Homélie du dimanche 10 janvier 2016        Baptême du Seigneur - Année C        Luc 3,15-16.21-22

 

La fête du baptême du Jésus est éclairée, cette année, par le récit de Luc.

Le baptême de Jésus s’insère dans l’attente du peuple de Dieu. Une attente suffisamment forte pour que le peuple se demande si Jean n’était

pas le Messie !

Sur cette attente je voudrais souligner que la foi du peuple de Dieu ne s’exprime pas seulement par des convictions ou une louange mais aussi

par l’expression d’une attente qui suppose l’expérience du manque. L’expérience du manque – qui creuse notre attente-  est utile à la vérité de

la foi. Il nous manque, en effet, Celui en qui nous avons mis notre foi. Ainsi la foi est-elle, indirectement, l’expression de l’impossibilité de

posséder Dieu.  La foi ne met pas la main sur Dieu. Elle l’attend. Elle l’espère. Elle appelle et cherche les signes de sa manifestation.

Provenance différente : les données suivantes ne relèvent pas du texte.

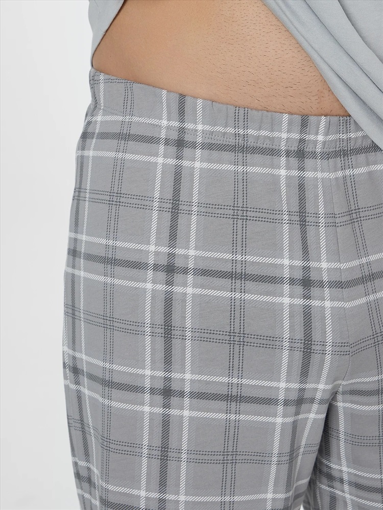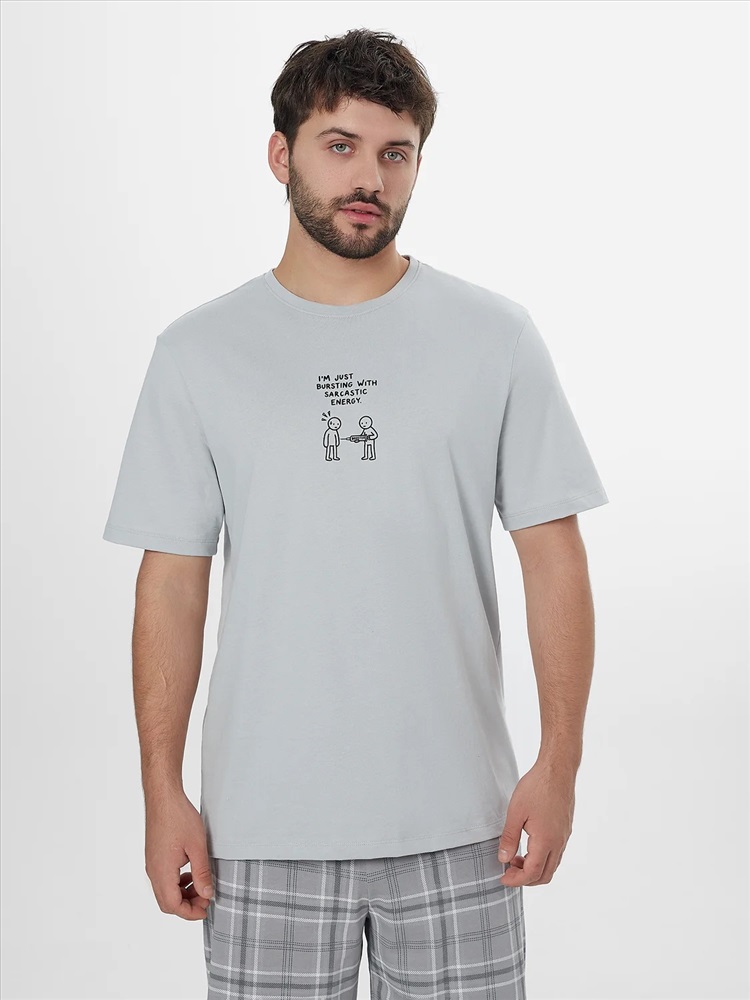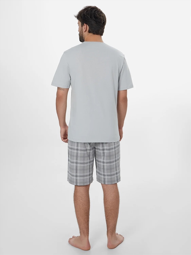 Пижама состоит из футболки и шорт. Футболка прямого силуэта. Горловина округлой формы обработана обтачкой из рибаны. Шов втачивания обтачки по спинке закрыт бейкой из основного полотна. Нижние срезы футболки и рукавов обработаны швом вподгибку.

C’est important de se dire cela à un moment où certains instrumentalisent Dieu, s’en servent comme d’une vérité absolue qu’ils possèdent

contre les autres et dont ils disposent à leur gré. Dieu alors n’est plus Dieu mais une idole construite de mains d’hommes.

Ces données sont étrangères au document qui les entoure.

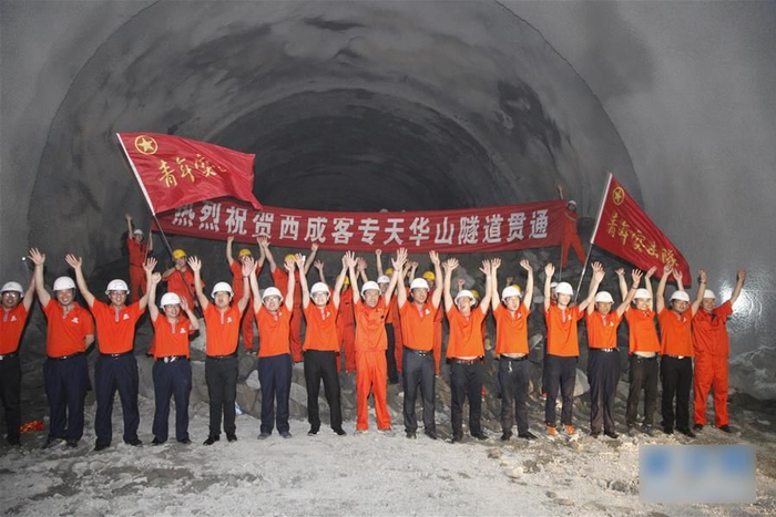 ▲西成高铁天华山隧道施工人员庆祝隧道贯通。

Heureuse foi qui s’exprime dans l’attente de la manifestation du Dieu unique, sans pouvoir jamais mettre la main sur Lui. Oui Dieu est Grand,

tellement  Grand qu’il échappe définitivement à toute main mise.

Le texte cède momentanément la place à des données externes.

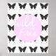 Elegante diseño negro, blanco y rosa con fondo de baldosas de mariposa en silueta. La superposición de círculo rosado actúa como lienzo para la inscripción caligráfica blanca, permitiendo que aparezca el mensaje "Salvaje y Libre". Perfecto para cualquier habitación en un dormitorio o casa.

La foi comme attente et comme conversion, voilà le creuset du baptême proposé par Jean et que Jésus reçoit.

Dans ce récit de Luc, le témoignage de Jean est assez  laconique, sans évidence qui s’impose.

Jean ne désigne pas Jésus comme le Christ. Il annonce seulement que Celui qui vient est plus fort que lui et qu’il baptise dans l’Esprit Saint et

dans le feu. Le flou de ce témoignage peut laisser insatisfait mais en réalité il creuse la curiosité et la recherche de ceux qui sont en attente. Il

stimule leur liberté, il suggère, il annonce, il met sur la piste mais il n’impose rien. La suite du récit montrera que c’est l’initiative de Dieu sur

Jésus (quand le ciel s’ouvre) qui va le révéler comme le Fils bien aimé.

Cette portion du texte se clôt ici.